Digital Humanities cuts across a range of fields, and as such it draws its lexicon from all of these disciplines. As I continue to read DH articles and attend DH discussions, I am assailed by this concept of a shared vocabulary. Although the individual words may be the same, each discipline has added its own nuance to the concepts behind the words. This week’s articles are no exception. Nony “asks us to face a decisive rite of passage” in our battle of the Anthropocene and goes further by telling us that “the liminal is simultaneously here and there.” I had to pause as the anthropologist in me winced at this. This is where the lexicon breaks down.

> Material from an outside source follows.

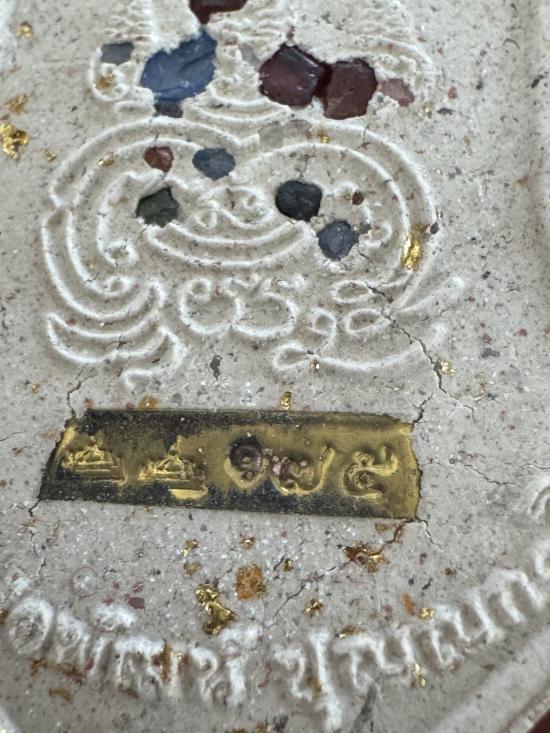 พระผงจำปีใหญ รุ่นเลื่อนสมณศักดิ์ 100 ปี หลวงพ่อพัฒน์ วัดห้วยด้วน นครสวรรค์ กระบองทองคำแท้ ฝังพลอยด้านหลัง หมายเลข 175 |

Anthropologically speaking, a rite of passage has three stages: First, the separation stage; Second, the liminal stage; Finally, the reaggregation stage. The liminal entity is in a transformative state and is neither here nor there. They are between cultural statuses. To complete this rite of passage the entity must reincorporate themselves into the society after the culture accepts the new status. Even if we assumed that the culture itself was the liminal entity, it would have nothing to reaggregate with because the totality is in the liminal state.

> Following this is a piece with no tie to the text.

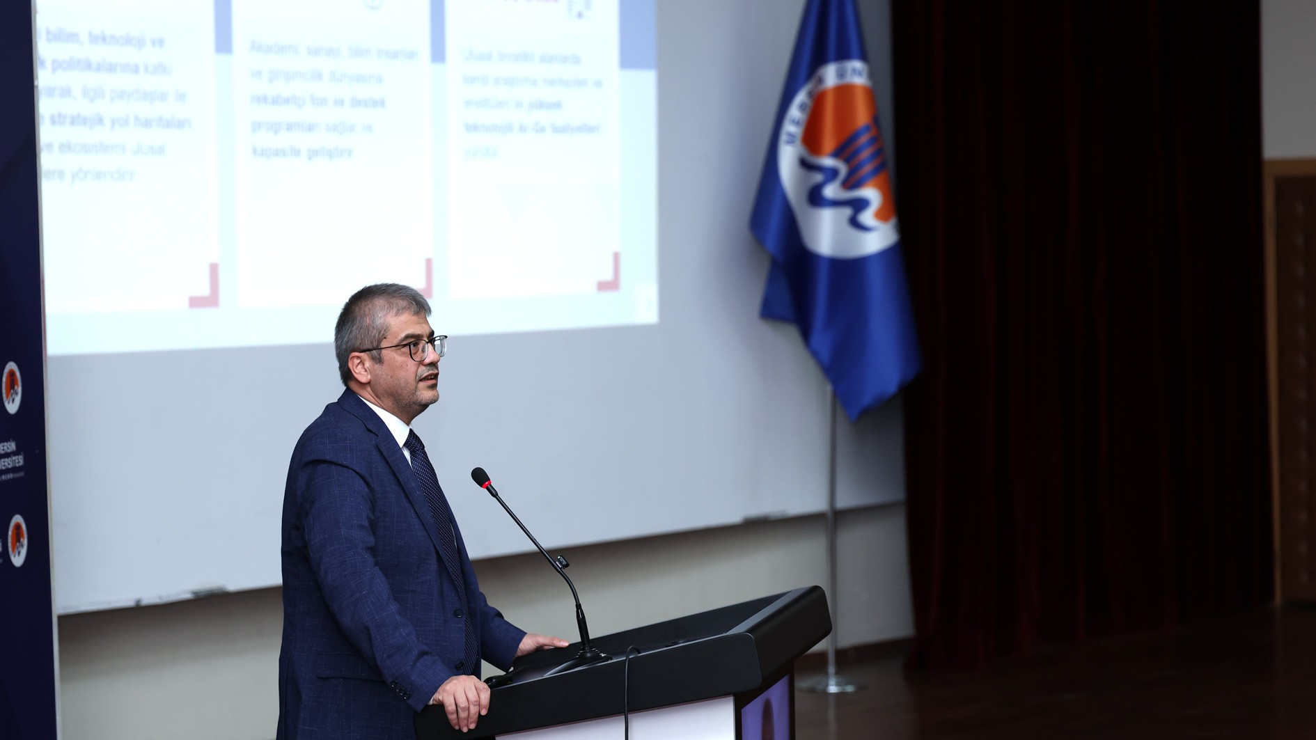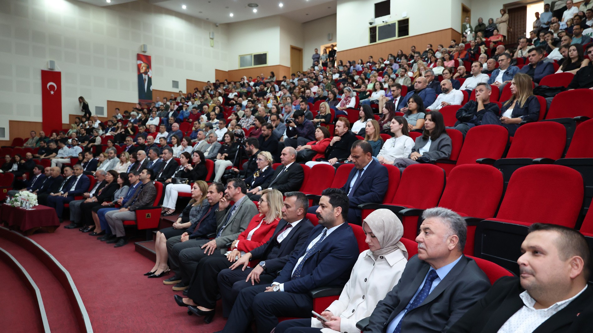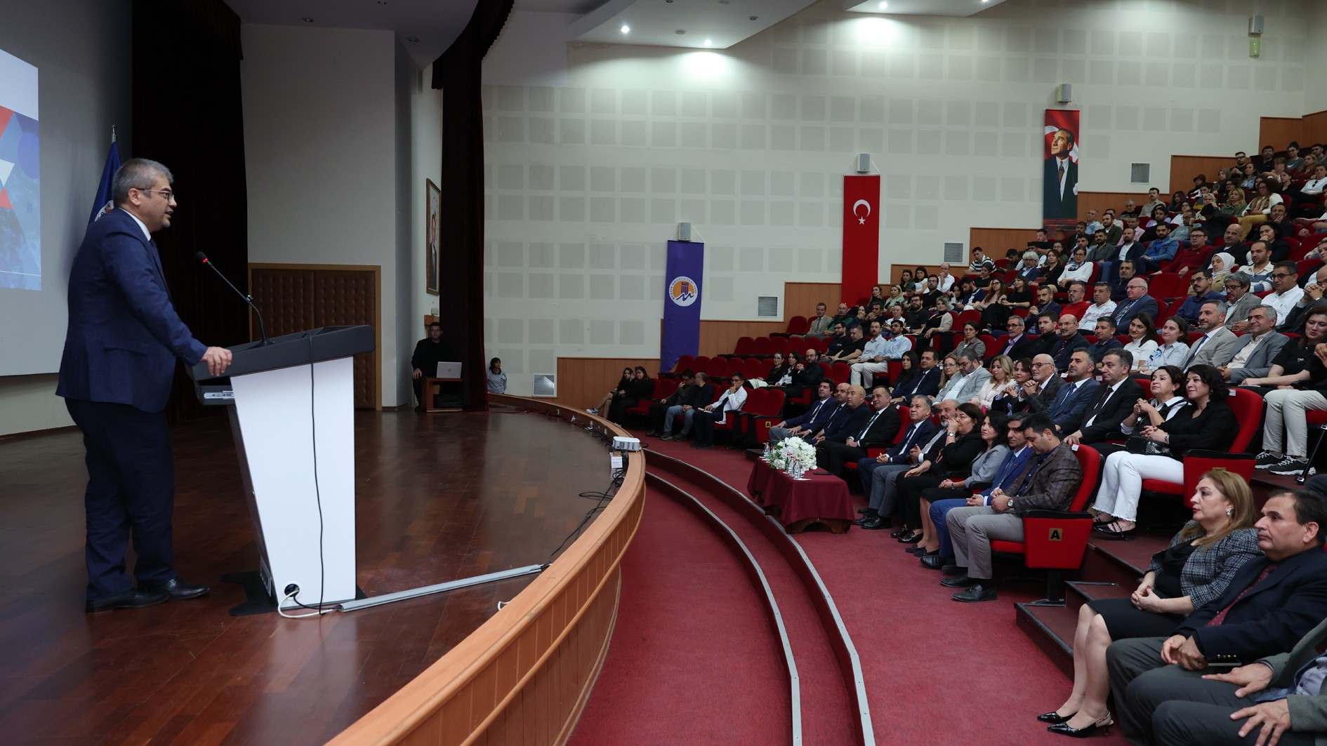Konferans öncesinde selamlama konuşmasını yapan Rektörümüz Prof. Dr. Erol Yaşar, “TÜBİTAK, ülkemizin bilimsel üretim gücünün lokomotifi olarak araştırmacılarımıza güçlü bir rehberlik sunmakta, bilimsel projelerin niteliğini ve etki alanını artıracak önemli destek mekanizmaları geliştirmektedir. Bugün aramızda bulunan değerli Başkanımız Prof. Dr. Orhan Aydın’ın bilgi ve deneyimlerini bizlerle paylaşacak olması bizim için son derece kıymetlidir. Üniversitemiz, araştırma odaklı büyüme stratejileri doğrultusunda tüm birimleriyle bilimsel üretimi artırmayı, genç araştırmacıları desteklemeyi ve ulusal bilim politikalarıyla uyumlu bir gelişim göstermeyi temel hedef olarak benimsemektedir. TÜBİTAK programları bu vizyonun ayrılmaz bir parçası olup akademisyenlerimizin yetkinliğini daha üst seviyeye taşıyacak güçlü fırsatlar sunmaktadır.” ifadelerini kullandı.

Instead of a rite of passage, and in keeping with the battle theme stated at the beginning of the article, perhaps we should fight and assimilate to a politics of care. Am I missing the argument while getting caught up in semantics? Possibly, but as we all know, the devil is in the details. Yes, we should just assimilate as resistance is futile.
In Nony’s other article, the section about digital storage and memory formation was intriguing. I could not help the evil giggle that escaped me when I read that the programmer is the gatekeeper to memory. Although, has this not happened throughout history? When writing was invented, did not the storyteller lose his place as gatekeeper? When the printing press started printing in the vernacular, did not the monastery lose its role as gatekeeper? Why does “get off my lawn” come to mind?
The fight for diversity in Digital Humanities is crucial. The consequences of losing are dire. We not only lose history and culture, but we lose the future possibilities that these groups bring to the table. The question is: should we win or should the battle for improvement itself be the goal? If we win, is there a loser and do they then get pushed to the margins? Does the issue stay in active thought, if we win, or will it recede to memory?